The split, at a glance
- The Cheerleading Worlds — Levels 6–7 and International Open divisions; late April; governed by IASF/USASF; the sport’s most prestigious title.
- The Summit — Levels 1–5; early May; produced by Varsity; the postseason goal for the vast majority of all-star teams.
- Both — Orlando (ESPN Wide World of Sports), bid-only entry, bids earned at sanctioned events across the season.
Why level decides everything
Worlds divisions exist only at the sport’s two highest levels, where the hardest skills are legal. Everyone else — the vast majority of all-star teams — competes in Levels 1–5, and The Summit is their championship. Calling The Summit “the Worlds of Levels 1–5” is imprecise but captures the idea: each is the terminal event for its slice of the sport.

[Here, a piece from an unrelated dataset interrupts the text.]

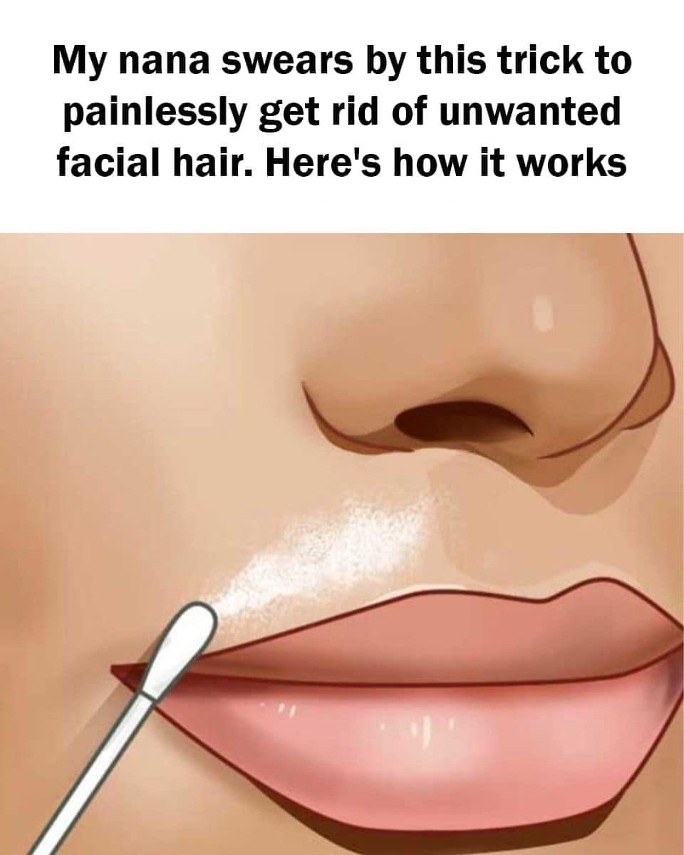 My nana swears by this trick to painlessly get rid of unwanted facial hair. Here’s how it works

The postseason also branches further: The D2 Summit serves small-program (Division II) gyms and The Youth Summit serves younger divisions, while the independent Open Championship Series runs its own flagship, the Allstar World Championship.
More questions, answered
Is The Summit or Worlds more prestigious?
The Cheerleading Worlds is the sport’s top title — but they aren’t competing honors. Worlds is only open to Levels 6–7, so for a Level 1–5 team, The Summit is the highest championship available.
Can the same team go to both Worlds and The Summit?
No — a single team competes at one level, and that level maps to exactly one of the two championships. A gym, however, can send different teams to each.
Do both events require bids?
Yes. Both are bid-only championships — teams earn invitations at sanctioned bid events during the season (The Summit also awards at-large bids via a season leaderboard).
When are Worlds and The Summit held?
Back-to-back at the end of the season: The Cheerleading Worlds in late April, The Summit in early May, both at ESPN Wide World of Sports near Orlando.